Renal cell carcinoma-infiltrating natural killer cells express differential repertoires of activating and inhibitory receptors and are inhibited by specific HLA class I allotypes.

Julia S Schleypen1, Marion Von Geldern, Elisabeth H Weiss, Nicole Kotzias, Karl Rohrmann, Dolores J Schendel, Christine S Falk, Heike Pohla.   

Abstract

Among tumor-infiltrating lymphocytes (TILs) directly isolated from renal cell carcinomas (RCCs), we found substantial numbers of natural killer (NK) cells in most tumor tissues. They could be identified reliably in situ with an antibody directed against the activating receptor (AR) NKp46 that is exclusively expressed by all NK cells. NK-enriched TILs (NK-TILs) showed cytotoxicity against major histocompatibility complex (MHC) class I-negative cell lines. The ability to detect lysis of target cells was dependent on the percentage of NK cells within the TILs, and cytotoxicity was only observed after overnight activation with low-dose interleukin-2 (IL-2). Infiltrating NK cells were found to express various inhibitory receptors (IRs); among these the CD94/NKG2A receptor complex was overrepresented compared to the autologous peripheral blood mononuclear cell (PBMC) population. Other IRs were underrepresented, indicating that NK subpopulations vary in their tumor-infiltrating capacity. IRs expressed by NK-TILs are functional since receptor engagement with MHC class I ligands presented by human leukocyte antigen (HLA)-transfected target cell lines was able to inhibit NK-mediated cytotoxicity. NK-TILs were also able to lyse autologous or allogeneic tumor cell lines in vitro.
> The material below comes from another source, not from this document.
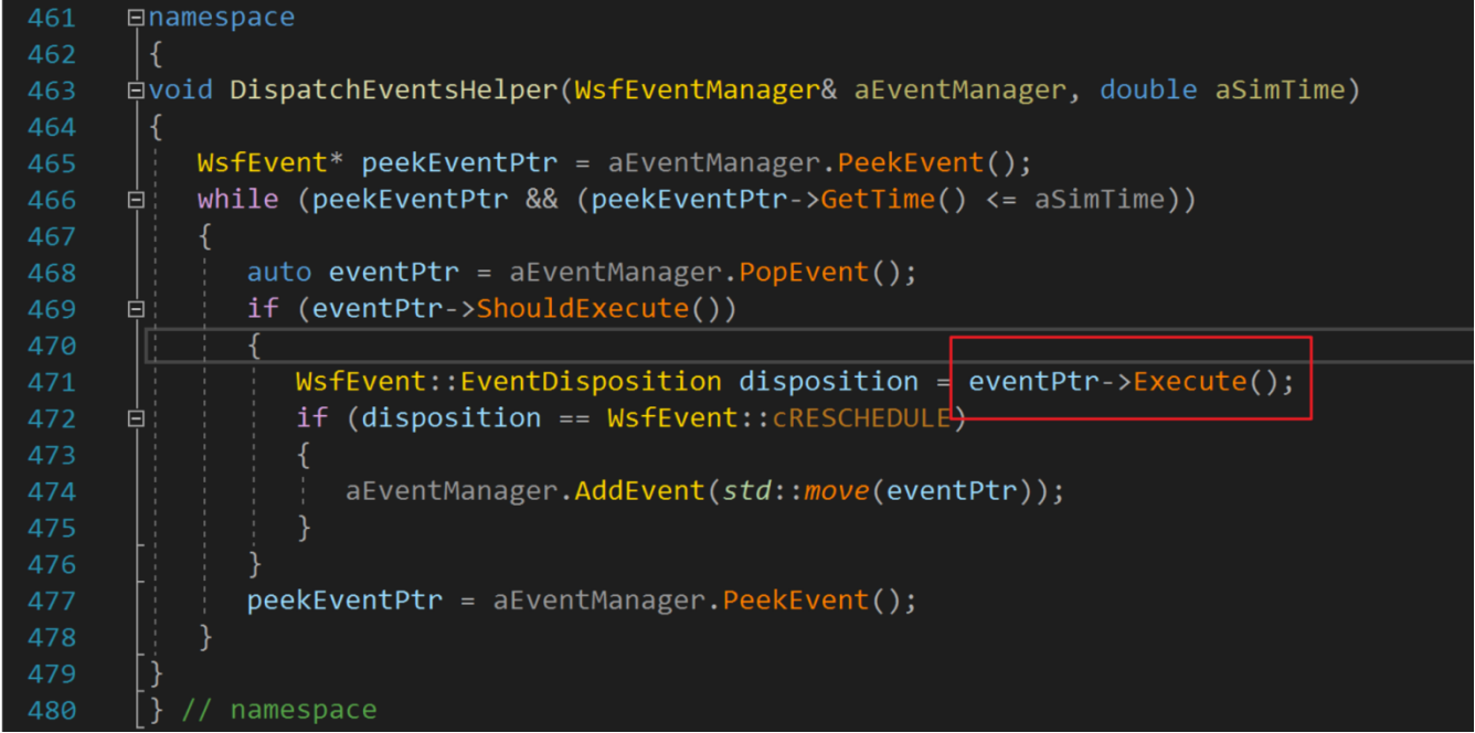 此方法的实现是通过WsfEventManager管理的所有WsfEvent,并根据仿真时间进行调度。具体的调度是在WsfSimulation.cpp中的一个封装方法,通过此方法来触发每个WsfEvent的Execute回调。

This activity correlated with low HLA class I surface expression since lysis could be inhibited by interferon (IFN)-gamma-expressing RCC transductants that displayed a higher surface density of HLA class I molecules. Therefore, NK cells infiltrating tumor tissues have an inherent ability to recognize transformed cells, but they require cytokine activation and are sensitive to inhibition by IR ligands. Copyright 2003 Wiley-Liss, Inc.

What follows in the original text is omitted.